IF 2.5 4区 医学 Q2 GASTROENTEROLOGY & HEPATOLOGY Pub Date : 2026-01-14 DOI: 10.1007/s10620-026-09675-2
Qianlong Li, Tianyu Liu, Ting Qin

Background: The primary indication for ERAT is acute uncomplicated appendicitis; however, in recent years, the successful treatment of appendiceal abscesses in adults has been reported in several cases. Further investigations are warranted to establish the feasibility of ERAT for the management of appendiceal abscesses.

Aims: This study aimed to evaluate the efficacy and safety of endoscopic retrograde appendicitis therapy (ERAT) for the treatment of acute periappendiceal abscess in adults.

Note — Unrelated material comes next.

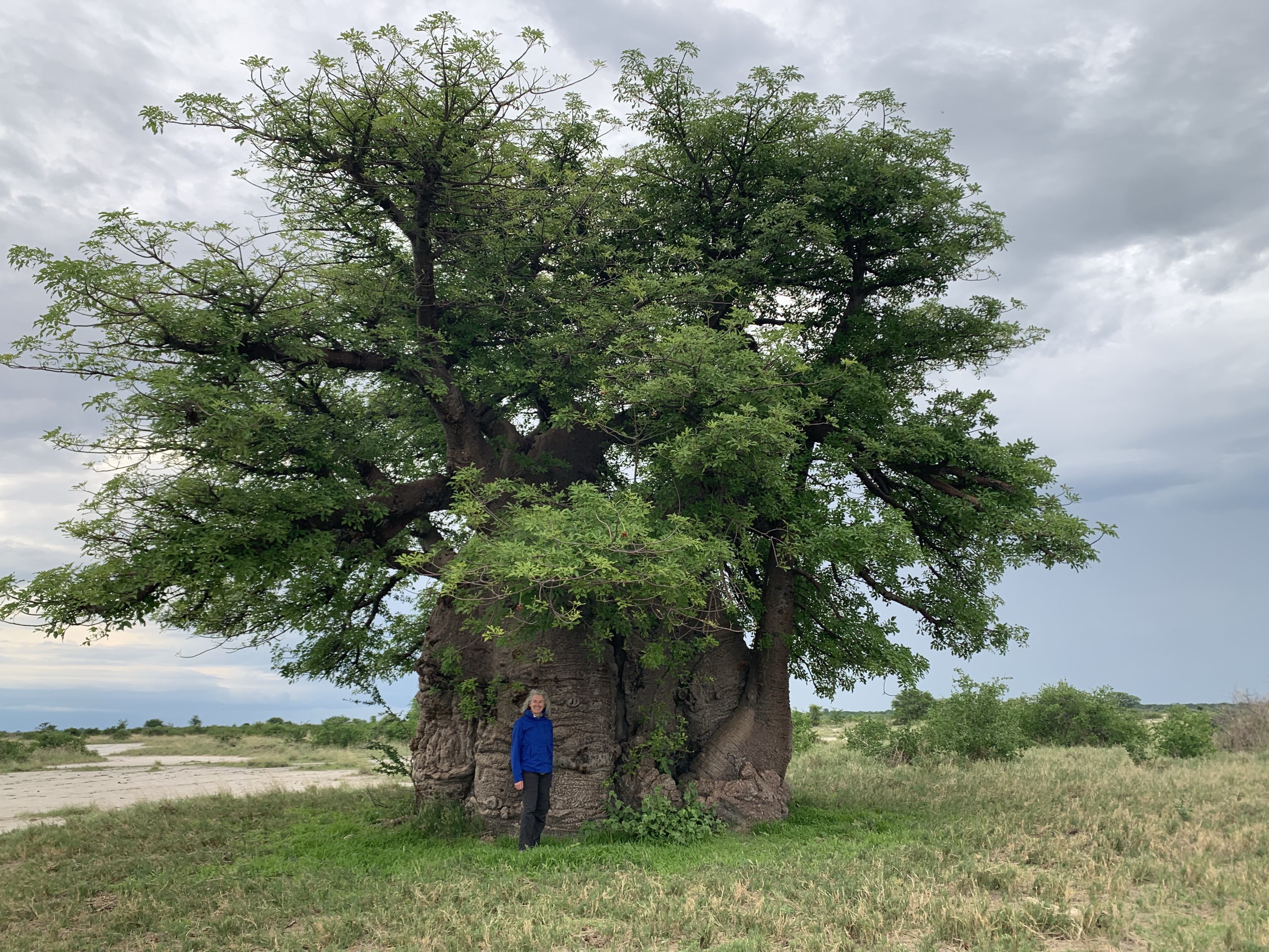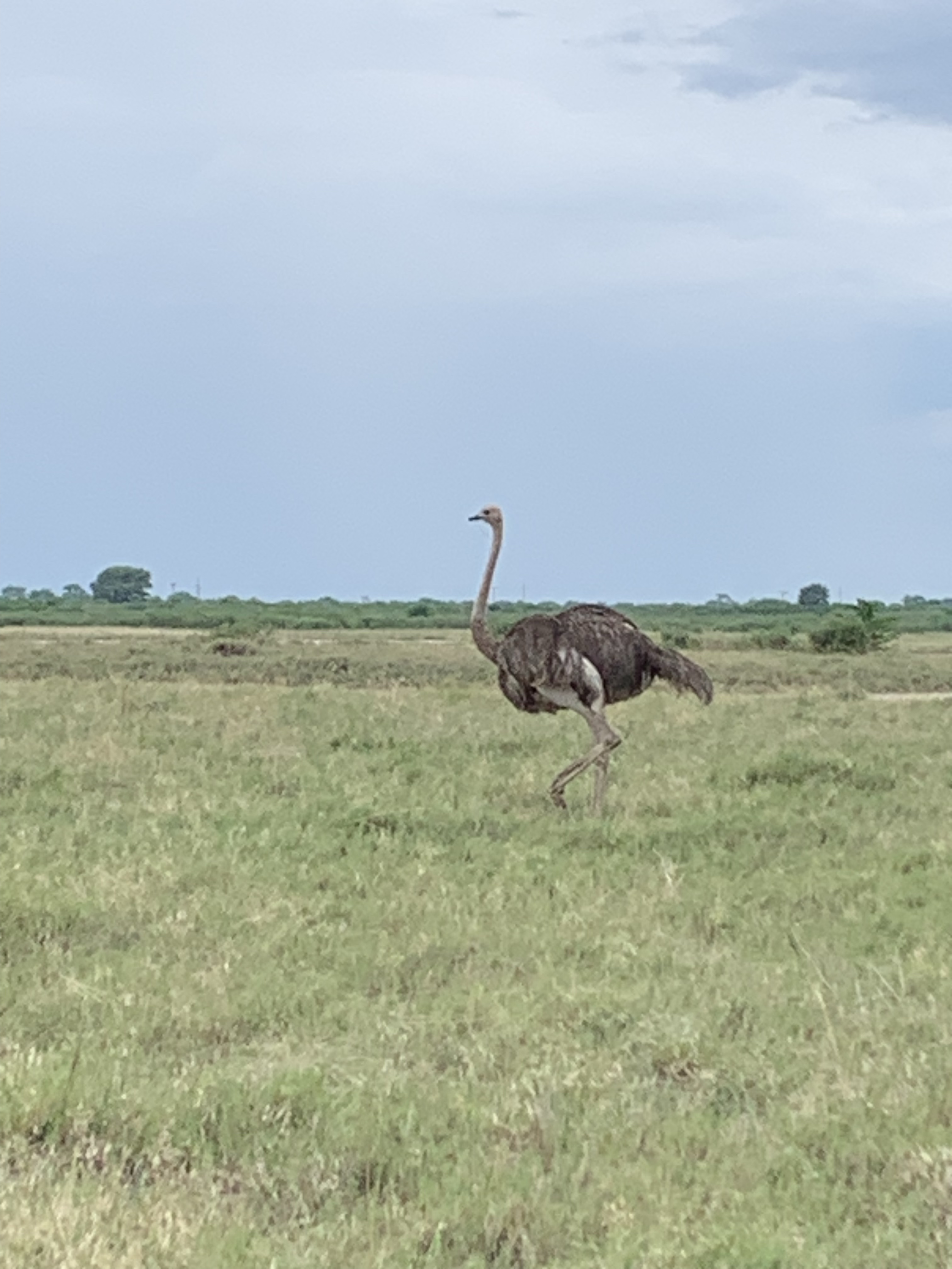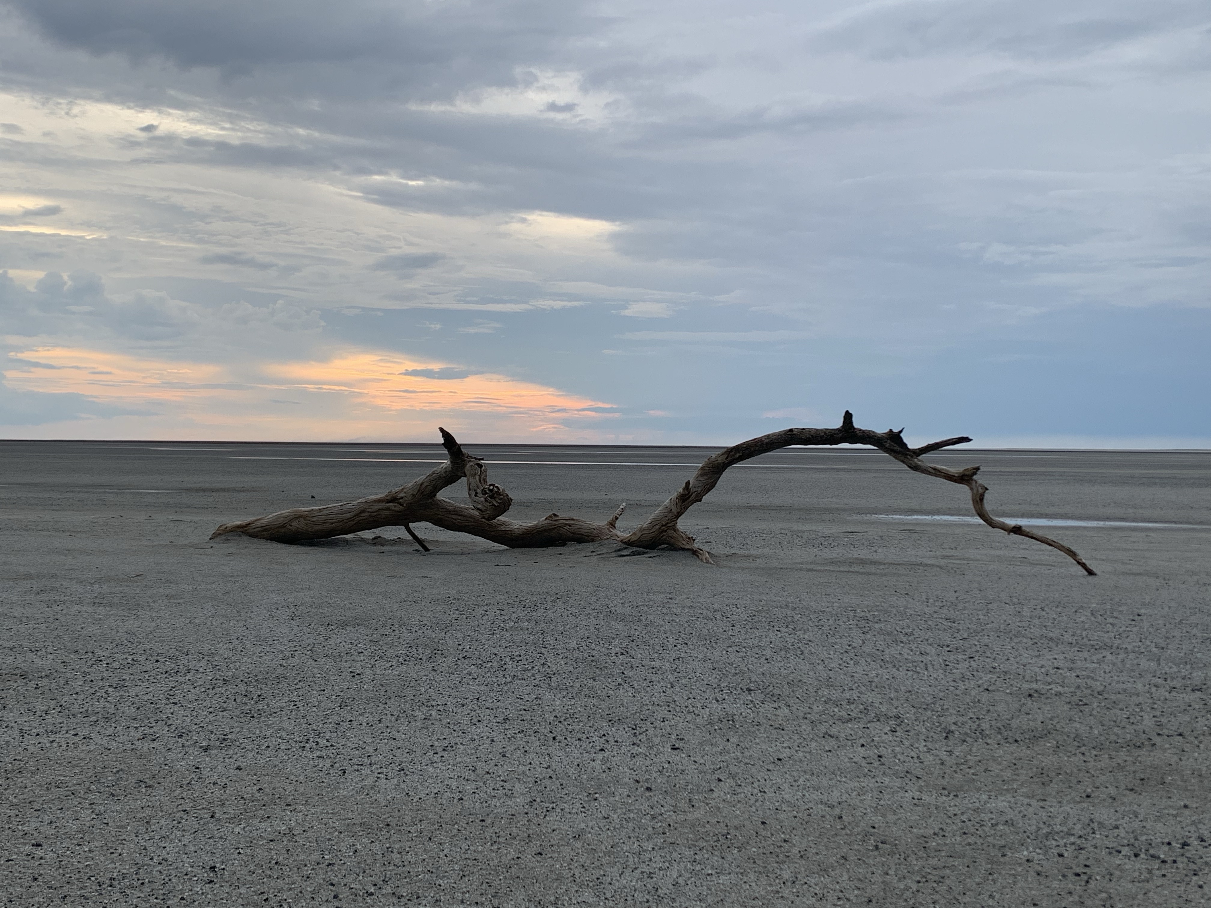 As we wound our way across the flattening country, somewhere the red soil turned beachy white. After more cultural discussions in the truck on topics like abortion and US politics, we arrived at today’s destination, Nata Lodge. After settling in we toured the world’s largest salt pan, Makgadikgadi at over 4600 square miles(!), which is surrounded by the Kalahari and adjacent to a huge bird sanctuary. The sanctuary, which has no predators and a plentiful food supply, is home also to zebra, wildebeest, flamingos, ostrich, meerkats, and apparently a hippo whose fresh tracks we saw at the salt pans. A hippo is considered one of the most dangerous animals in Africa and I’m glad we did not encounter this one whilst out on the pans but those tracks are adorable.

Methods: This retrospective study included 30 adult patients with acute periappendiceal abscess who underwent ERAT at the Digestive Center of Suining Central Hospital between July 2021 and March 2025. The success rate (technical and clinical), procedure time, intervention time, visual analog scale (VAS) score, length of hospital stay, complications, and absorption condition of the abscesses 3 months after the procedure were recorded and analyzed.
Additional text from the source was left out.